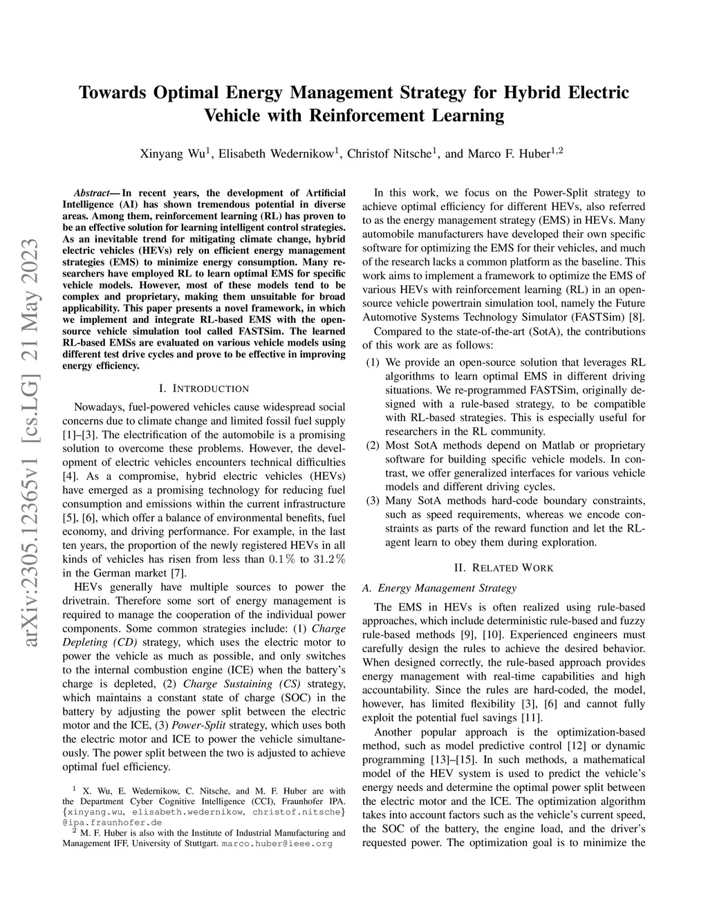 In recent years, the development of Artificial Intelligence (AI) has shown tremendous potential in diverse areas. Among them, reinforcement learning (RL) has proven to be an effective solution for learning intelligent control strategies. As an inevitable trend for mitigating climate change, hybrid electric vehicles (HEVs) rely on efficient energy management strategies (EMS) to minimize energy consumption. Many researchers have employed RL to learn optimal EMS for specific vehicle models. However, most of these models tend to be complex and proprietary, making them unsuitable for broad applicability. This paper presents a novel framework, in which we implement and integrate RL-based EMS with the open-source vehicle simulation tool called FASTSim. The learned RL-based EMSs are evaluated on various vehicle models using different test drive cycles and prove to be effective in improving energy efficiency.
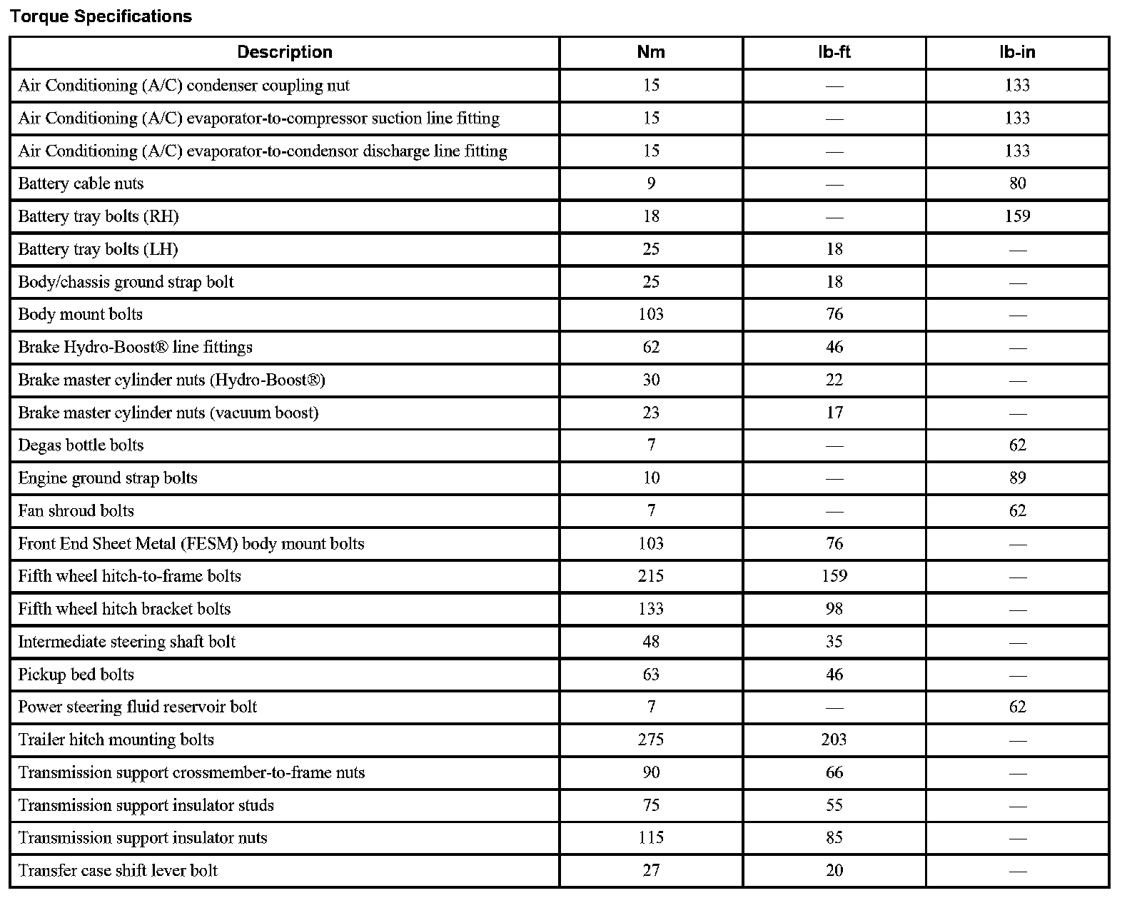 Torque Specifications
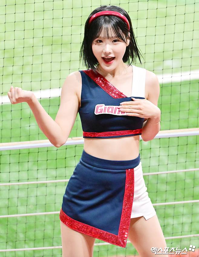 (엑스포츠뉴스 고척, 김한준 기자) 30일 오후 서울 구로구 고척스카이돔에서 열린 '2025 신한 SOL Bank KBO리그' 롯데 자이언츠와 키움 히어로즈의 경기, 최홍라 치어리더가 멋진 공연을 선보이고 있다.
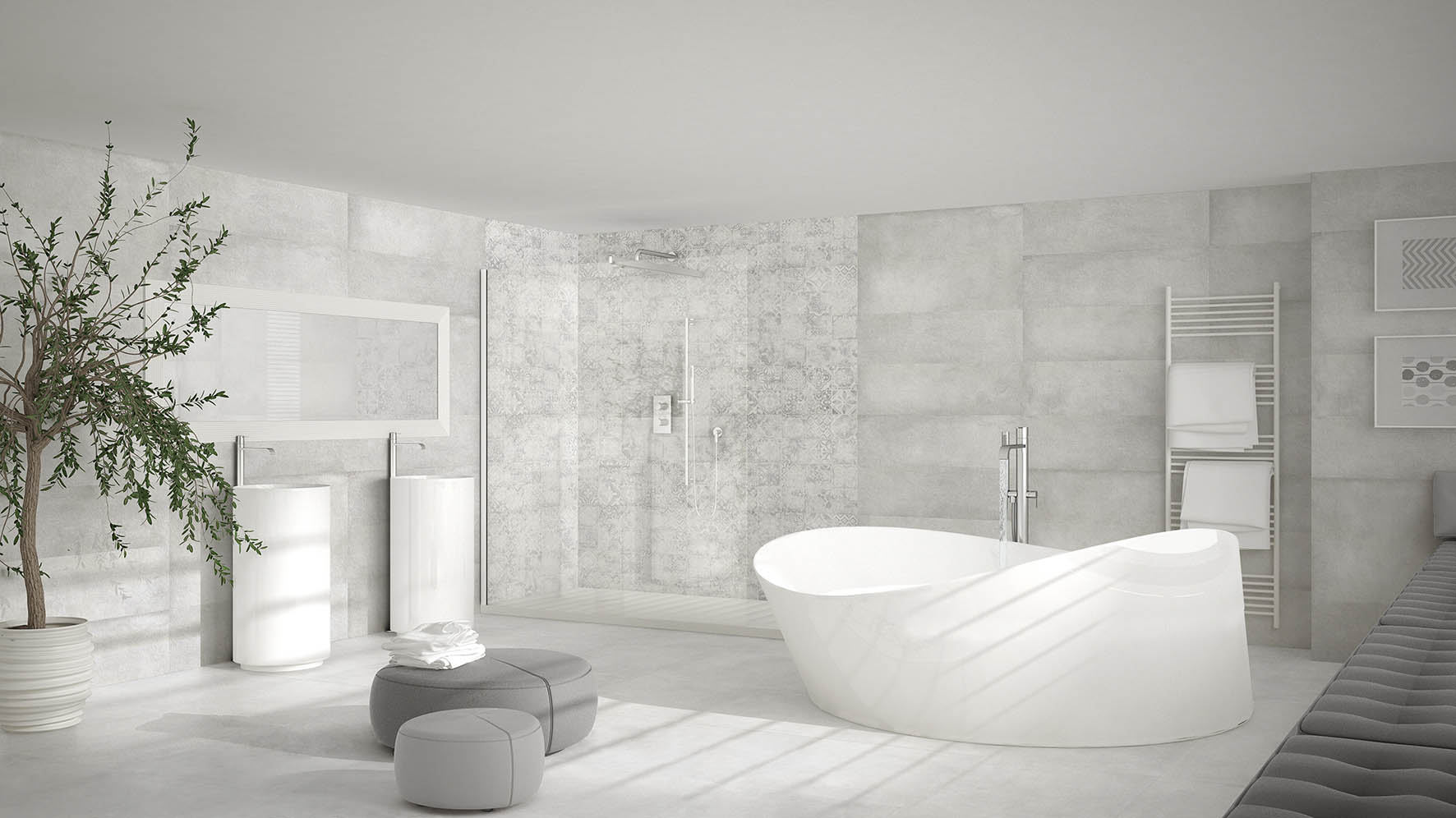London Dune Blanco, Gris y Beige: Estos decorados, inspirados en las formas orgánicas de la naturaleza, aportan una textura suave y un acabado elegante, perfectos para crear ambientes armoniosos y relajantes.

### What the task requires:
Keep every word of the data as it is when you write it out, but drop the pictures.

### Response below:
 In recent years, the development of Artificial Intelligence (AI) has shown tremendous potential in diverse areas. Among them, reinforcement learning (RL) has proven to be an effective solution for learning intelligent control strategies. As an inevitable trend for mitigating climate change, hybrid electric vehicles (HEVs) rely on efficient energy management strategies (EMS) to minimize energy consumption. Many researchers have employed RL to learn optimal EMS for specific vehicle models. However, most of these models tend to be complex and proprietary, making them unsuitable for broad applicability. This paper presents a novel framework, in which we implement and integrate RL-based EMS with the open-source vehicle simulation tool called FASTSim. The learned RL-based EMSs are evaluated on various vehicle models using different test drive cycles and prove to be effective in improving energy efficiency.
 Torque Specifications
 (엑스포츠뉴스 고척, 김한준 기자) 30일 오후 서울 구로구 고척스카이돔에서 열린 '2025 신한 SOL Bank KBO리그' 롯데 자이언츠와 키움 히어로즈의 경기, 최홍라 치어리더가 멋진 공연을 선보이고 있다.
London Dune Blanco, Gris y Beige: Estos decorados, inspirados en las formas orgánicas de la naturaleza, aportan una textura suave y un acabado elegante, perfectos para crear ambientes armoniosos y relajantes.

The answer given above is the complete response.